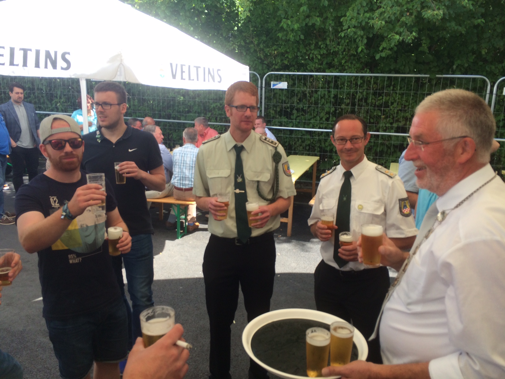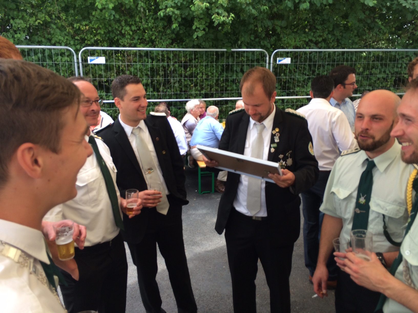 Alex zeigte sich sichtlich erfreut über die kleine Aufmerksamkeit, er gibt das Amt nun an Georg Becheim weiter, mit dem wir schon in der Vergangenheit viele lustige Stunden verleben durften. Auch König Uli Thiele freute sich über die Anwesenheit der Westicker Avantgardisten. Dass man in Wickede auf Gastfreundschaft zählen darf erlebten die Avantgardisten in der Mittagspause, die auf der Terrasse von Familie Koch verbracht wurde. An dieser Stelle noch einmal ein ganz herzliches Dankeschön für die nette Bewirtung.
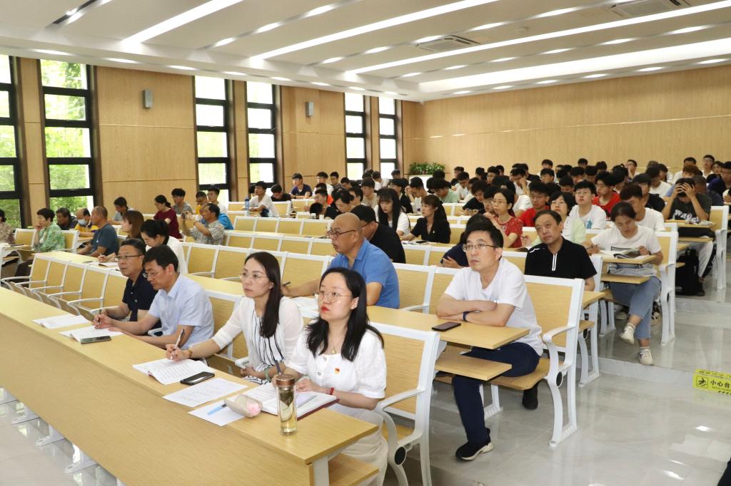 6月18日上午,副院长郭鹏在教学楼3109以《贯彻职教大会精神,做好职业教育体系建设》为题讲授专题党课。有关职能处室、二级学院、书院师生代表近200人参加。
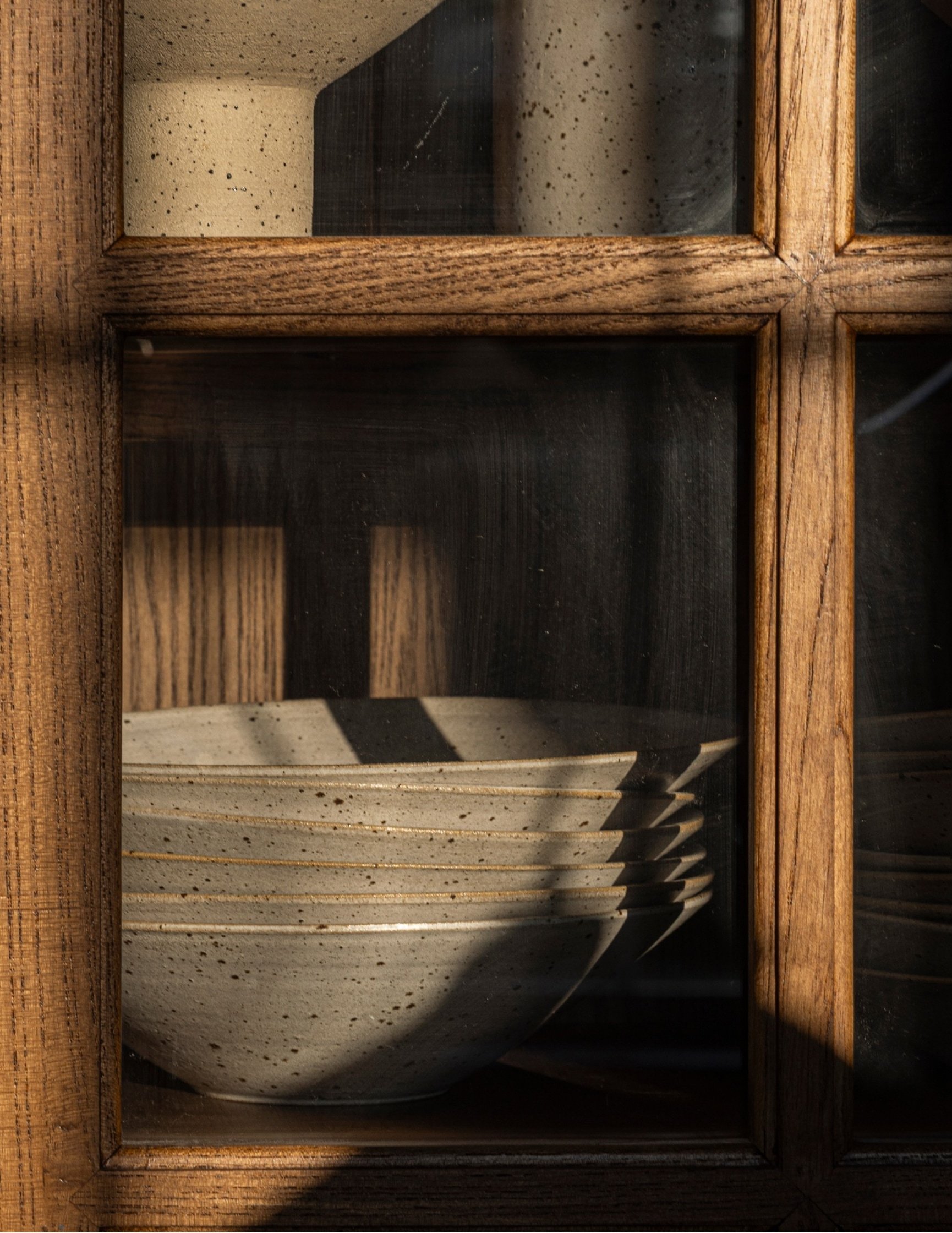 The same logic extends to furniture and objects. Tables, soft seating, shutters, paneling, light, artwork, fabrics and much more were designed in dialogue with the architecture so that the structure of the house and loose interior pieces feel inseparable. Even the dinnerware carries the same ethos—simple, tactile, natural, and rooted in material honesty.

* * * * * * * * *

[Exercise] When you copy the lines above, drop the pictures and keep everything else exact.

[Answer]
 Alex zeigte sich sichtlich erfreut über die kleine Aufmerksamkeit, er gibt das Amt nun an Georg Becheim weiter, mit dem wir schon in der Vergangenheit viele lustige Stunden verleben durften. Auch König Uli Thiele freute sich über die Anwesenheit der Westicker Avantgardisten. Dass man in Wickede auf Gastfreundschaft zählen darf erlebten die Avantgardisten in der Mittagspause, die auf der Terrasse von Familie Koch verbracht wurde. An dieser Stelle noch einmal ein ganz herzliches Dankeschön für die nette Bewirtung.
 6月18日上午,副院长郭鹏在教学楼3109以《贯彻职教大会精神,做好职业教育体系建设》为题讲授专题党课。有关职能处室、二级学院、书院师生代表近200人参加。
 The same logic extends to furniture and objects. Tables, soft seating, shutters, paneling, light, artwork, fabrics and much more were designed in dialogue with the architecture so that the structure of the house and loose interior pieces feel inseparable. Even the dinnerware carries the same ethos—simple, tactile, natural, and rooted in material honesty.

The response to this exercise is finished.